These sensors are designed to accurately characterise the complex mix of substances, sediments and living and dead phytoplankton that occur in these regions: algorithms have been developed that convert water's optical properties into a reliable guide to its contents. The presence of particular phytoplankton species can be even confirmed via signature chlorophyll pigments.

Envisat image of the oil spill from the Prestige tanker
Envisat image of the oil spill from the Prestige tanker

Oil slicks

Some 4.5 million tonnes of oil make it into the ocean every year, impacting water quality and marine and coastal ecologies.

In our oil-based civilisation the majority of supplies are transported by sea, so some accidents are inevitable. But tanker sinkings and oil platform accidents account for only 7% of total pollution. The largest single cause is deliberate dumping at sea during tanker cleaning, followed by discharges from the land.

International law forbids such deliberate pollution, but laws require policing. Earth observation radar instruments are very good at identifying oil slicks across a wide area, as oil has a lower surface roughness than the water it floats on. Slicks as small as 0.1 square kilometres in area can be detected reliably.

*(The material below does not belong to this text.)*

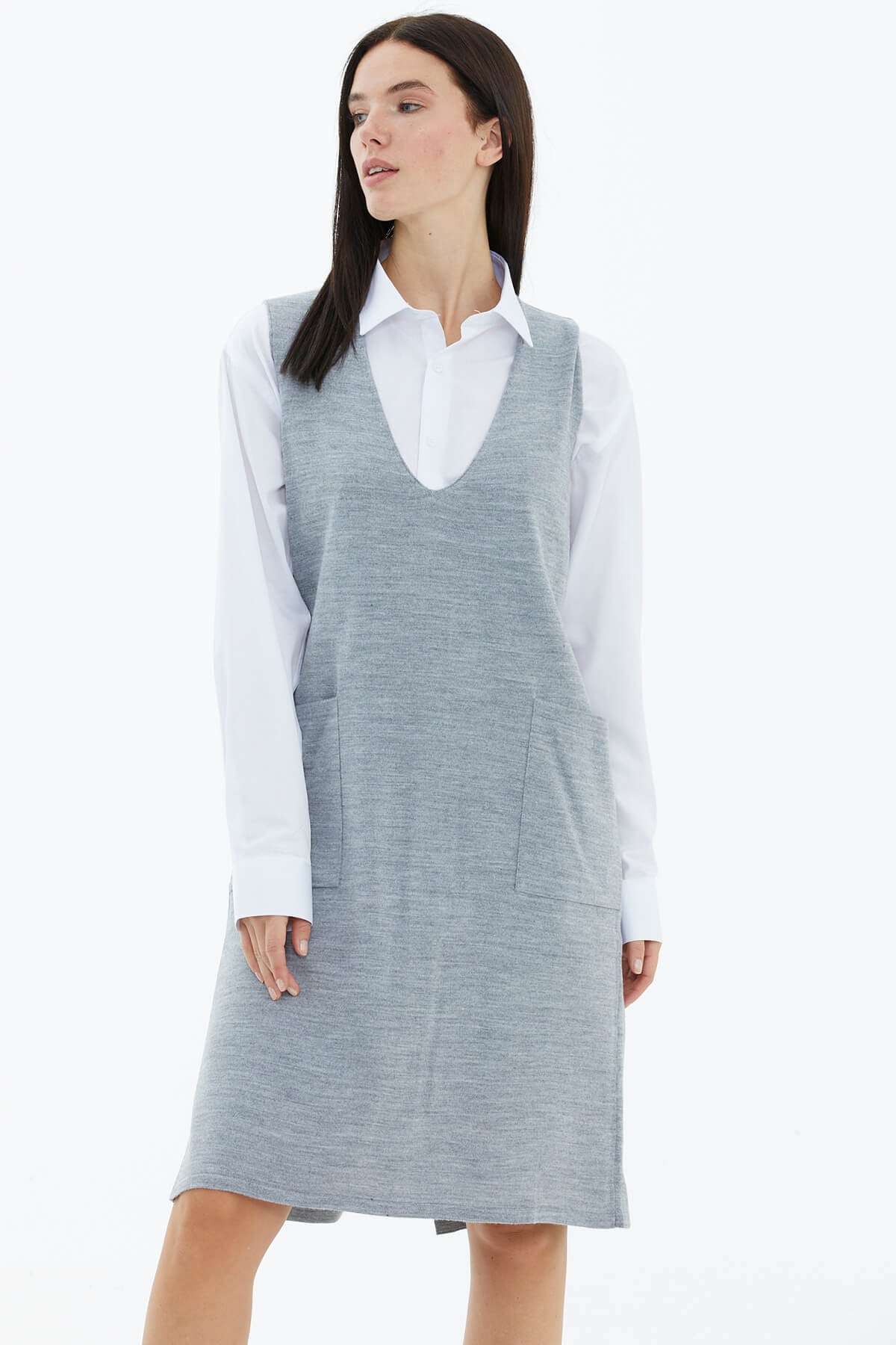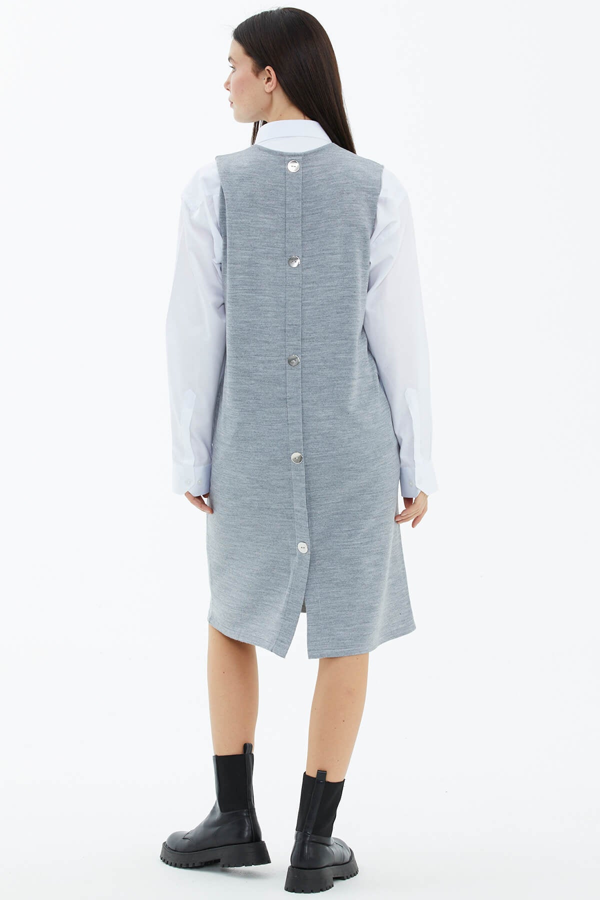 V yaka triko elbise ile gündelik yaşamınıza yön verin! İster basic tişörtler ile isterseniz de gömlek ile kombinlenebilir. Sırt kısmı düğme aksesuarlı olan triko elbiseye dolabınızda yer açın.

Europe plans to completely eliminate oil pollution in its waters by 2020, with Earth observation a vital part of the strategy to achieve this. Satellites can both deter polluters and also give authorities early warnings of accidental slicks: for instance, Envisat's Advanced Synthetic Aperture Radar (ASAR) showed the full extent of the double-necked oil spill that resulted from the Prestige disaster in November 2002.